CRH is still tipped to win out in its plans to acquire US cement giant Ash Grove but will likely have to pay more than the $3.5bn (€2.98bn) it had planned for it to fend off an 11th-hour from a US rival.
Shares in CRH fell by as much as 2% at one stage after acquisition target Ash Grove said it had received an offer, valuing it at between $3.7bn and $3.8bn, from an unnamed company, later identified as Summit Materials.
It said it would take about two weeks to consider the new terms.
Last month, CRH said it had struck an agreement ahead of final approval to acquire Kansas-based Ash Grove, which last year generated a pre-tax profit of $215m from its eight cement plants.
The acquisition is part of the Irish company’s renewed expansion in the US, where it already earns most of its profits. Plans by US President Donald Trump to pump billions into America’s dilapidated infrastructure have boosted the shares of many US construction firms this year.
At the time, both CRH chief executive Albert Manifold and Ash Grove chairman Charlie Sutherland — whose family had helped grow the cement firm — hailed the prospects for the bid.
CRH is Ash Grove’s biggest customer and has long had “a close and highly productive relationship” with CRH in the US, said Mr Sutherland.
Darren McKinley, senior analyst at Merrion Capital, said there was a 60% probability that CRH would still secure Ash Grove by increasing its offer by a modest amount and staring out rival Summit Materials.
Valued at €25.9bn, CRH is by far the bigger of the two suitors and should have the wherewithal to secure Ash Grove. It will nonetheless want to avoid being dragged into any bidding war.

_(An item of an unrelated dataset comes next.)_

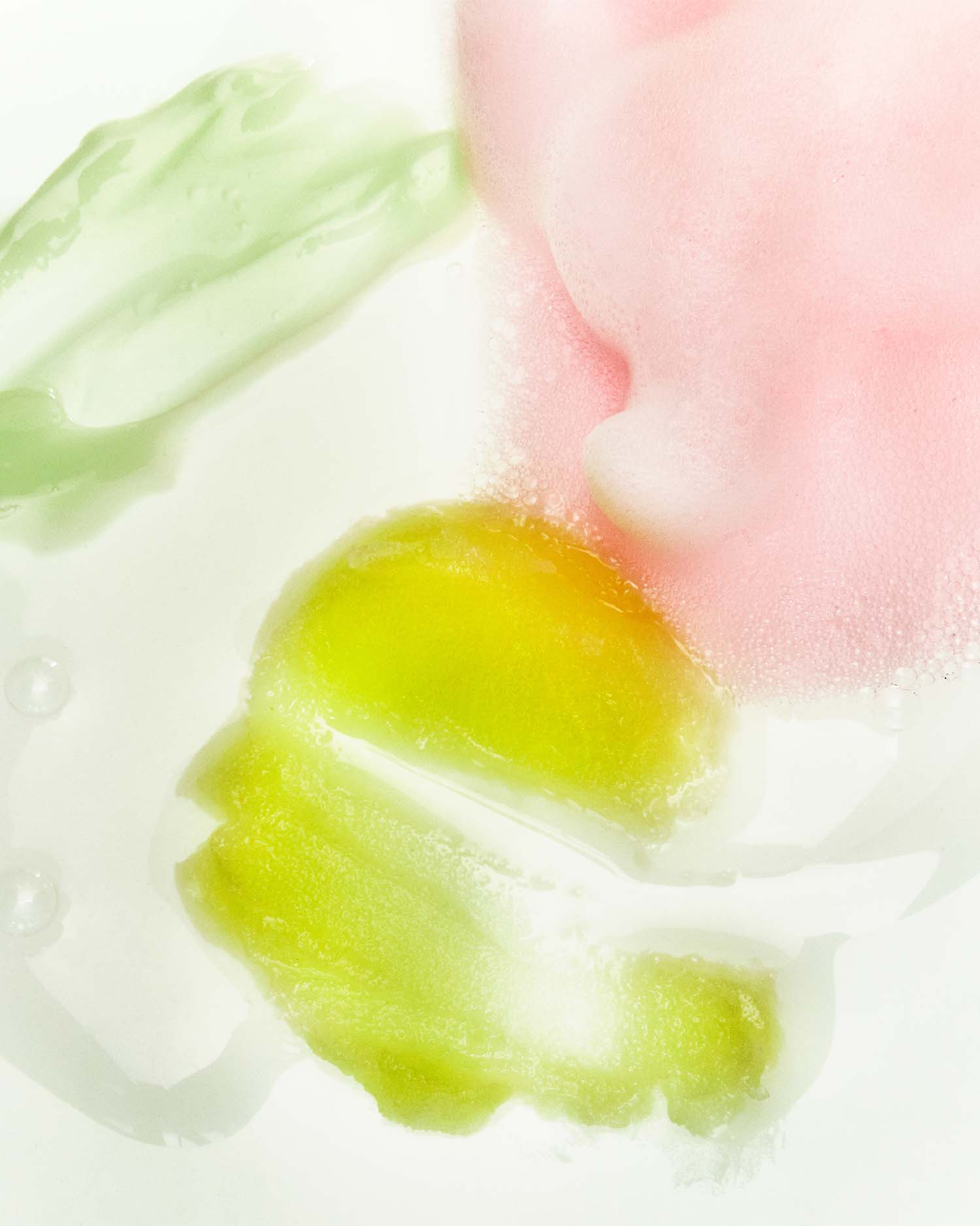 • The Bubble Double: schiuma detergente a base di acido salicilico e melograno per detergere a fondo i pori e prevenire la comparsa di nuove impurità.

The “opportunistic” rival offer was unlikely to disrupt plans by CRH to pursue other US targets as it uses up an estimated €4bn war chest for acquisitions, said Mr McKinley.

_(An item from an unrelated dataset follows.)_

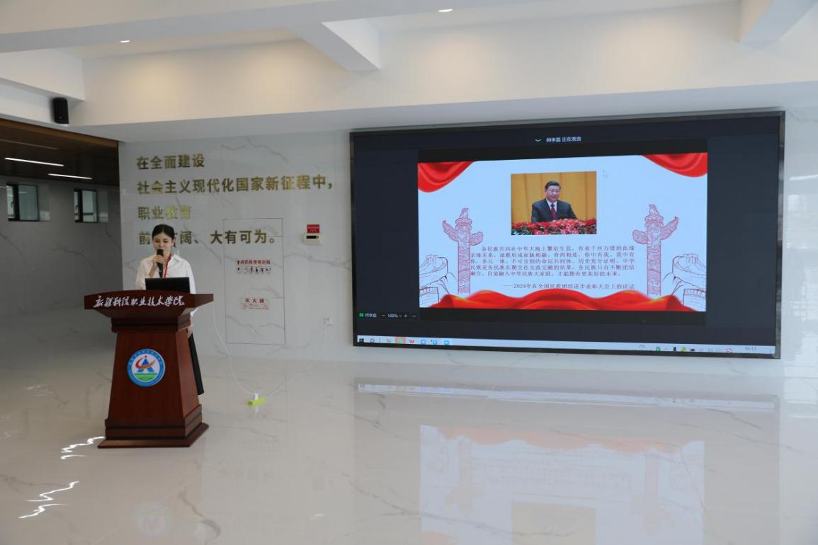 宣讲团成员们刚踏入会场,便受到了同学们的热烈欢迎。在一片热烈的掌声中,来自yl23455永利集团青年铸牢中华民族共同体意识宣讲团的苏比·依力哈木、陈婧、吴颖琪同学,为新疆科信职业技术学院的同学们带来了一场精彩纷呈、引人入胜的宣讲。

“Given CRH’s position as Ash Grove’s largest customer, they are well placed to determine whether a higher offer makes sense or whether to let Ash Grove shareholders decide whether they want cash in hand now from CRH or to merge with a company that is trading on 26 times earnings which currently doesn’t pay a dividend,” he said.
Davy analysts said that CRH is better placed and has the “financial firepower” to increase its offer.
“CRH’s options are now threefold: Pursue its original proposal if Ash Grove continues to see it as a superior bid (there is no indication the new bid is a better proposal); match or better the new proposal, which the group clearly has the financial firepower to do; or walk away if the value is not there for shareholders. Given the group’s track record, shareholder value will be the key determinant of its next step,” said Davy.
CRH’s US operations include a cement plant in Montana, and five cement terminals.